This website uses cookies primarily for visitor analytics. Certain pages will ask you to fill in contact details to receive additional information. On these pages you have the option of having the site log your details for future visits. Indicating you want the site to remember your details will place a cookie on your device. To view our full cookie policy, please click here. You can also view it at any time by going to our Contact Us page.

Slick shaft seals are savers

01 June 2009

Reduce friction between shaft and seal and you are well on the way to saving a lot of energy over the lifetime of the equipment on which they are installed. But how do you achieve this without compromising seal performance? Blue Diamond believes it’s a matter of precise computer simulation and rigorous physical testing

In today’s competitive markets, there is a much greater awareness of energy efficiency, and engineers are looking closely at every aspect of their product design to see how the lifetime energy consumption can be improved. For example, products such as domestic appliances, lighting and motor vehicles have to carry an energy rating which makes it easier for the customer to compare the performance of similar products.

One way that the energy consumption can be reduced is by maximising efficiency, for example by reducing energy losses. Most items of rotating equipment feature seals, which make contact with a rotating shaft and prevent media getting either in or out, for example, lubricating oil, refrigerant, gas or water. When the lip of the seal bears down on the shaft there is friction and stiction to be overcome. Over the life of the machine this energy requirement can be significant – and may increase as the seal ages or if the machinery is used infrequently allowing dirt and debris to build up. So what can be done to minimise these energy losses whilst still maintaining an effective seal?

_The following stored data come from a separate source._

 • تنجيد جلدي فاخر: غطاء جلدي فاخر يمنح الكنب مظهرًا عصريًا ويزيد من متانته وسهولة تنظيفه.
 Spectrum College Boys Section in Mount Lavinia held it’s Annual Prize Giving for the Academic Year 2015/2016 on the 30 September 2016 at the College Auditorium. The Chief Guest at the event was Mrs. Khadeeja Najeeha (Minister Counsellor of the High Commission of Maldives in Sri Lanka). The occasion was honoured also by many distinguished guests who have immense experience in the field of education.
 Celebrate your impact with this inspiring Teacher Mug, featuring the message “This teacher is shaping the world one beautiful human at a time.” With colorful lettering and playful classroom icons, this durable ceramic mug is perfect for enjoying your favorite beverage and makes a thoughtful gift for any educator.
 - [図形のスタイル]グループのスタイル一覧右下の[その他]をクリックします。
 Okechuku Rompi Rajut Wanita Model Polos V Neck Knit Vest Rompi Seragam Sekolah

The traditional approach to selecting a seal for a particular application simply means looking through an engineering supplies catalogue and selecting a seal that is a close match to the requirements. However, because these standard seals are manufactured to perform across a wide range of operating conditions, their design and construction has to be a compromise to cover the myriad of possible uses.

As efficiency has become more important, a modest improvement in seal design could significantly reduce losses. This could translate into savings of thousands of pounds for a manufacturer of electric motors by enabling them to offer a smaller and more efficient motor for a given application. Other examples where improved efficiencies provide significant savings include washing machines, refrigerators panning CCTV cameras – the list is endless.

Blissfully unaware
But how does an engineer obtain a seal that is custom engineered to an individual application and which is expected to maximise efficiency? Many may be blissfully unaware of the technology that goes into the design and production of a modern, high-performance seal. The geometry of the lip, for example, the radial load and materials all affect the performance of a seal and, with so many different applications, materials and design options, designing the correct seal can be a daunting task.

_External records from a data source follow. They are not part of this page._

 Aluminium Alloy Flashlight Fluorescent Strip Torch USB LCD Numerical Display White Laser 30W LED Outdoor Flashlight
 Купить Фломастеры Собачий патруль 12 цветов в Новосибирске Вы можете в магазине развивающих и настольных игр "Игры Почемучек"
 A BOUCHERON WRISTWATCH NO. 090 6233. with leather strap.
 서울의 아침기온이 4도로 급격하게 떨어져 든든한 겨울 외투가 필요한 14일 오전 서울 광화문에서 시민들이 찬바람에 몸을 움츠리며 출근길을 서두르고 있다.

Fortunately there are companies that have the knowledge and experience to design and manufacture seals to meet individual customer’s requirements. Using powerful software, CAD and parametrics packages, the physical details of the seal - for example, inner and outer dimensions, materials and seal style - can be entered into the program.

Finite Element Analysis (FEA) allows design engineers to apply all constraints on a seal in a computer environment. This includes factors such as speed, friction, pressure, temperature, bolt pre-tensions, and to simulate non-linear and linear materials. The software can also take account of the tolerances in the assembly with any play or movement being accommodated within the design.

Blue Diamond is a company that uses FEA techniques during the design process. Its seals are available in a range of standard materials including Viton or FKN, silicone, nitrile, NBR or ACN. An algorithm will show whether a standard seal is suitable or whether a special material such as PTFE is required. Should this be the case, the PTFE is chemically bonded to the substrate to give better performance and durability than a wafer type seal.

By changing different elements of the design, the application engineer can then achieve the optimum result. For example, the material, lip interference and spring loads can all be instantly varied and their effect on the performance of the seal observed. All this is possible without having to manufacture any prototype products, with their inherent implications of time and cost.

When the design team is satisfied with the performance of the seal using the computer simulation, samples are manufactured and the characteristics confirmed using Blue Diamond’s in-house test and development facility. This allows seals to be subjected to harsh environments — usually well beyond the expected performance envelope of the seal duty. The results are used to assist in the development of advanced designs and so help solve engineering problems more efficiently.

Scope of tests
The test rigs can control important parameters such as speed and direction of rotation, temperature and pressure. The settings are programmed with ramp or step functions to simulate proposed running conditions as closely as possible, and for life testing, multiple repetitions of test cycles and sub-test routines can be performed to produce the cumulative test duration desired.

Blue Diamond’s rigs have the capacity to subject seals to shaft speeds up to 25,000 rpm and eccentricity of housings and shafts can be set significantly higher than would be the case in a duty environment. Test fluids are heated to a maximum of 150oC or cooled to sub-zero temperatures by a low volume, closed loop, indirect system to ensure rapid response to any control set point. Meanwhile, pressures can be controlled from vacuum at one extreme to160bar at the other.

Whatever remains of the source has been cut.